His apartment is a single room with a bed, a desk, two chairs, and two small windows; a galley kitchen runs along the wall. The bed is tightly made, with a dark blue duvet cover with two red-and-white-checked pillows on top.

“Cozy,” she says.

He pulls the larger chair that’s leather and on wheels out for her and sits primly on the bed.

“Septimus,” he says.

She shakes her head, crosses her arms, sits back. “He’s always been my favorite.”

“Of course he has.” Like he knows her.

He looks past her out the window. “Communication,” he says.

“It’s all he wants,” she says.

His back straightens. “Except it’s so much harder than he thinks.”

“Fucking doctors.” She smiles and uncrosses her arms, walking over to his bookshelf. He stays where he is. She fingers a Marguerite Duras, a Nabokov, picks up the Evan S. Connell.

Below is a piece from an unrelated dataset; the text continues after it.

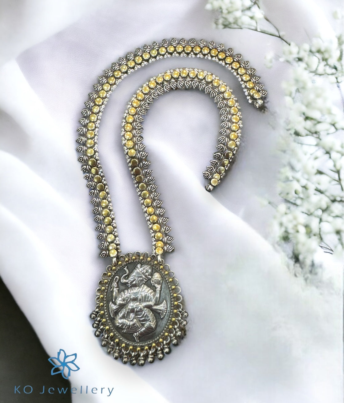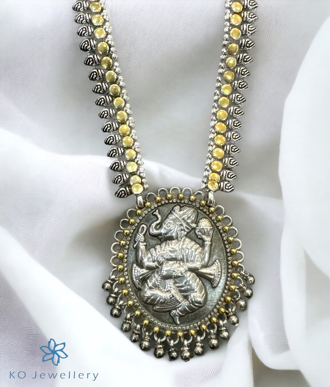 Flaunt a silver necklace that represents a fusion of ethnic design, contemporary aesthetics and excellent craftsmanship .The center-piece of this necklace is its intricate Ganesha pendant that is finely detailed with a 2 tone gold/silver finish. The entire necklace is handcrafted in sterling silver (92.5%) and makes for a beautiful accessory.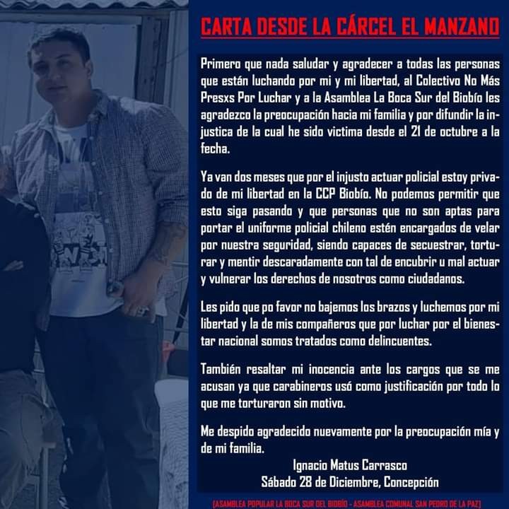 Ignacio Matus fue detenido el 21 de octubre en la población San Pedro de la Costa a las 22:30 hrs. de la noche, mientras participaba con sus vecinas y vecinos de un cacerolazo. Tras la arremetida de efectivos de Fuerzas Especiales de Carabineros, el joven fue detenido, golpeado y trasladado a la 6ta Comisaria de San Pedro de la Paz.

Maya opens the book and keeps her eyes steady on the small, careful paragraphs. She closes the book again, runs her fingers up and down the dark blue cover. “You like the sad ones,” she says.

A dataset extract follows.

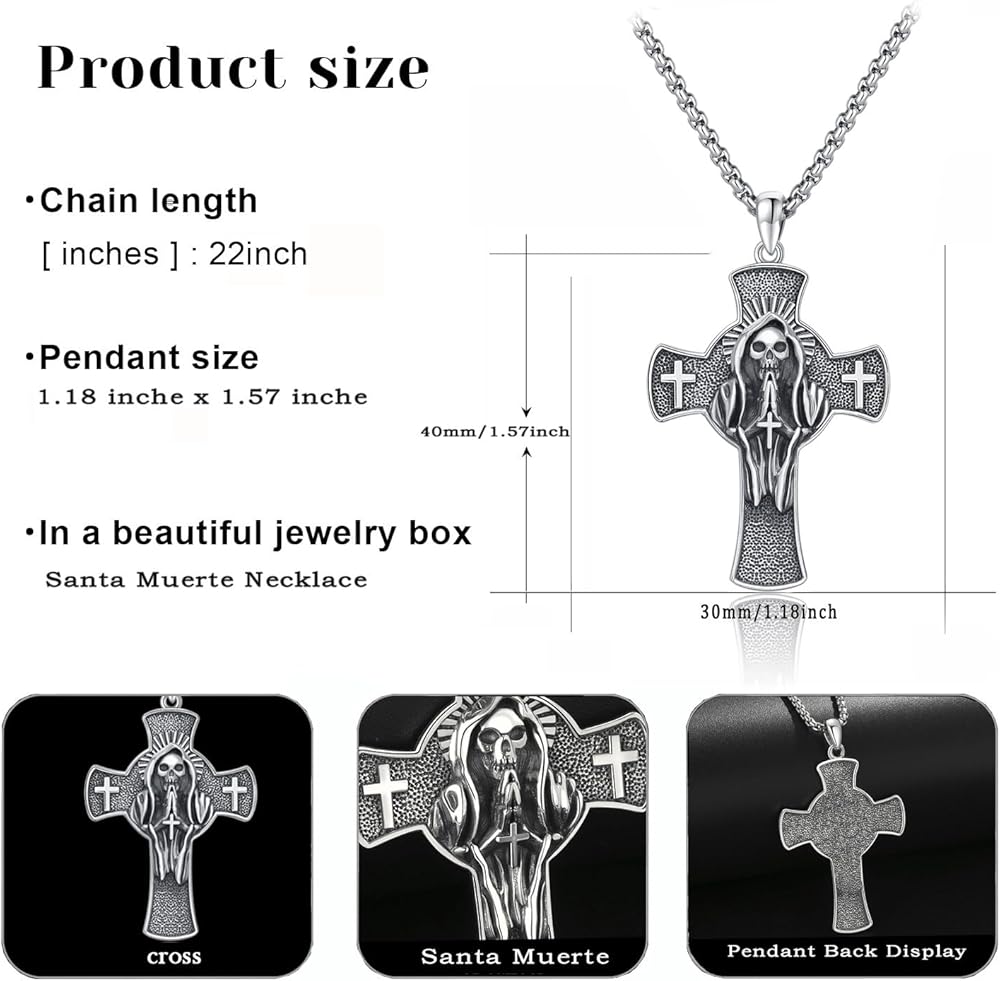 • Beautiful Gift: Comes in a beautiful gift box. Santa Muerte pendant is an ideal gift for men, women, parents, couples, friends. Suitable for Halloween, anniversary, birthday, Christmas, Father's Day, graduation, party, prom, Mother's Day, Valentine's Day, or for any special occasions.

He shrugs. “I guess.” He pushes his glasses up and pinches his nose with his thumb and forefinger. “I’m not sure I’ve read much that isn’t at least a little sad.”

“At least a little sad,” she says, walking back to the desk, and touching a stack of papers that sit on top of it: his dissertation.

“How is it?” she says.

“Who knows?” he says. His back rounds again. His hands rest on his knees. “It’s almost finished.”

She looks at him, then back down at his work. “You’re sure?”

“It’s as done as I can do.”

“What does that mean?” She’s trying to drag something out of him, something that will show her what he’s capable of.

He eyes the papers, then puts his palms behind him on the bed. “I’m not sure I care if it’s any good. I think I want to teach high school.”

“Oh?”

“I’ve been teaching up in Hunts Point. An after-school program. It’s just so much more active, you know? Instead of all these useless papers no one reads.”

Maya laughs and begins flipping absently through his chapters. She’s a little hurt that he didn’t tell her, that she didn’t already know that he’d been teaching someplace else. She wants to ask if Caitlin knows.